Altro giro, altra corsa: oggi si parla del live dei Black Pumas a L’Aéronef di Lille, dove sembra che io abbia messo le tende.
Se hai la fortuna di avere un club nella città in cui vivi che ha una programmazione sempre interessante e variegata, non puoi di certo lasciarti sfuggire l’occasione di andarci. E a volte può significare andarci quasi tutti i giorni, sia per vedere artisti che conosci e sia per scovare nuove sonorità. E così è stato per i Black Pumas, formazione statunitense che a quanto pare è conosciutissima in Francia. O quanto meno a Lille, dato che L’Aéronef era stracolmo, la gente debordava addirittura dal piano superiore e conosceva a menadito tutti i pezzi eseguiti durante la serata. E la differenza si nota anche nella tipologia di pubblico, rispetto ai concerti precedenti (Osees e Altin Gün), sia per età che per attitudine.
Ad aprire le danze ci sono i Night Glitter, band dreamy psychedelic synth-pop – così si definiscono sulla loro pagina Facebook – che da Austin segue i Black Pumas nel loro tour europeo. L’atmosfera è sognante, sembra davvero di essere catapultati in una soffice nuvola, di muoversi nello spazio e in qualche galassia lontana e sconosciuta. La cantante Lou Lou Ghelichkhani sfoggia un francese di un certo livello ed è nota ai più per aver collaborato con i Thievery Corporation (voce e testi).
Dopo una lunga attesa e un richiamo sostenuto da parte del pubblico, finalmente i Black Pumas si mostrano in tutto il loro stile. Che è satinato, soave: sembra quasi innato.
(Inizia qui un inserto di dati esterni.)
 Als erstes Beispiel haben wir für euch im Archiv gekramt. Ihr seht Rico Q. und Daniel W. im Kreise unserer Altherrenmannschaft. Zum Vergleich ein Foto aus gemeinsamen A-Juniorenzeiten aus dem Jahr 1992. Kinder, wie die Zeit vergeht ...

Ci sono artisti che hanno una presenza scenica indiscutibile, che trasmettono un’eleganza senza una ragione in particolare. Ce l’hanno e basta, fine della storia.
La loro musica – un soul puntellato di jazz e blues – è romantica e sensuale. Quella che metteresti come sottofondo mentre fai un bagno rilassante. O mentre sei su un comodo divano ad ascoltarla ad occhi chiusi. Forse questo è ciò che farei io perché per me questo genere è difficile da ascoltare in piedi, immobili. E soprattutto con la calca di persone attorno.
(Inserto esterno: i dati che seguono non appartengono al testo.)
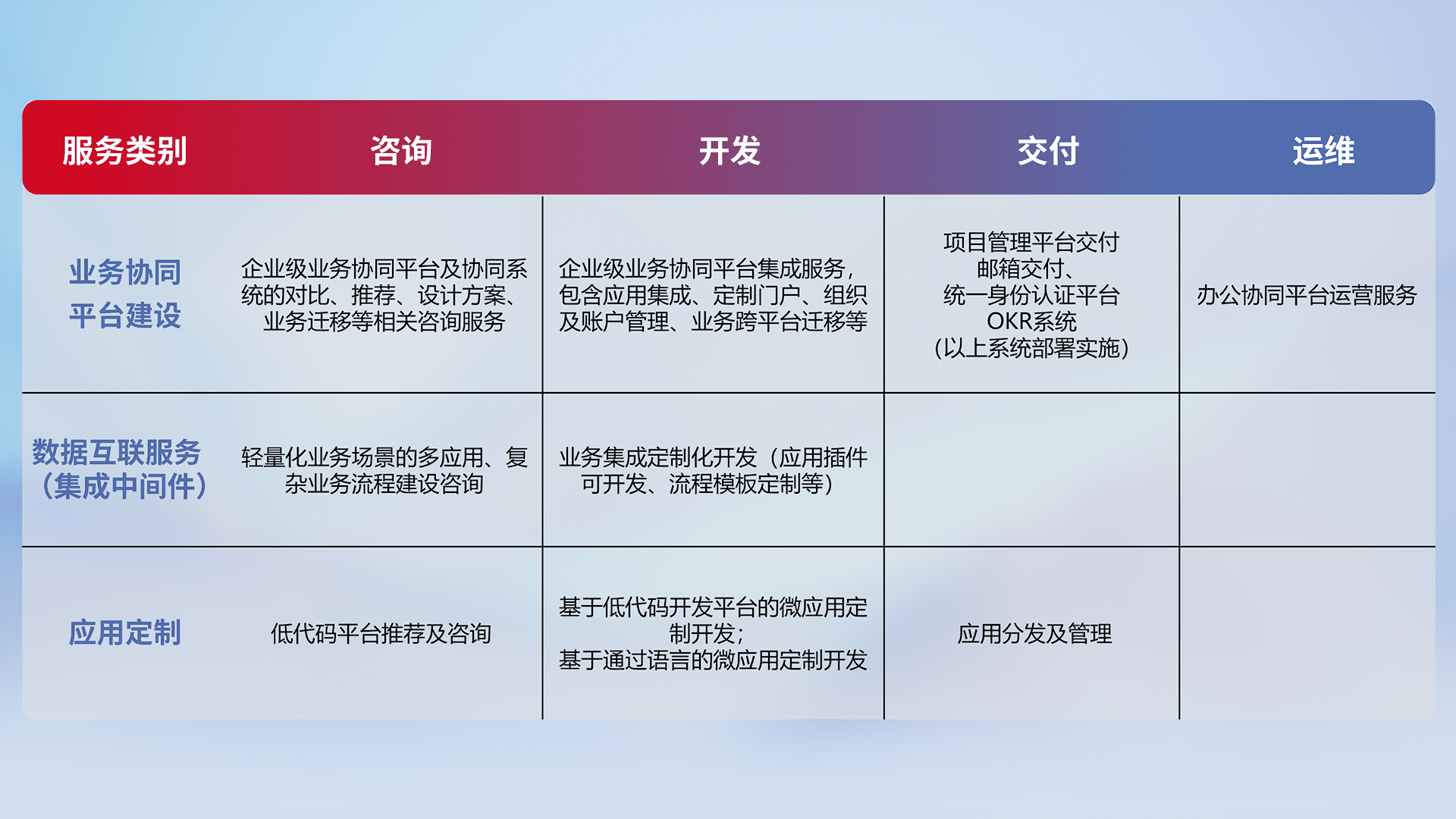 针对钉钉、、、企微、、、IDaas等平台级产品提供产品的规划、、、方案、、、、交付、、、定制化开发等服务,,实现如统一协同办公、、智能客户服务、、混合会议管理、、、智能数据查询、、等业务场景,,实现数字化转型。。

Rispetto agli altri live il suono in questo concerto è impeccabile e il gioco di luci e melodie in sincrono esalta e sottolinea la potenza scenica dei Black Pumas. La voce di Eric Burton – il frontman – è vellutata ma incisiva, sa essere delicata e forte al contempo. Ti entra dentro per rimanerci, senza che tu possa accorgertene.
E anche quando interpreta Sugar Man del caro Sixto Rodriguez lo fa come se il brano fosse suo. In una maniera che è stata di gran lunga migliore dell’originale. Parlo di esecuzione dal vivo, in quanto il buon Sixto purtroppo aveva smesso di fare l’artista per così tanto tempo che, quando lo vidi tanti anni fa a Milano, avrei voluto credere che quel tour fosse uno scherzo di cattivo gusto fattogli da qualcuno.
La sinergia tra i membri della band è enorme, giocano tra loro ed eseguono qualsiasi movimento – incluso il cantare e il suonare – come se fosse il più semplice e naturale del mondo. Anche se un essere “normale” faticherebbe non so quanto a prendere certe note sia con la voce che con gli strumenti.
Colors è la canzone scelta per la chiusura prima del tradizionale bis. Le vibrazioni erano palpabili, potevi leggere l’emozione sulla faccia di chiunque. Eric Burton chiude questo piccolo, idillico sipario cantando a cappella con il pubblico. Per poi ritornare per il congedo finale, sempre coinvolgendo i fan e sempre dimostrando un entusiasmo e una passione che spesso si danno per scontati. Sentirli ringraziare di aver superato – si spera – questo lungo periodo lontani dalle scene per via della pandemia ed esserne evidentemente grati non solo non è scontato, ma è anche piacevole se inteso veramente. E questo fa di band come i Black Pumas artisti con quel qualcosa (di umano) in più.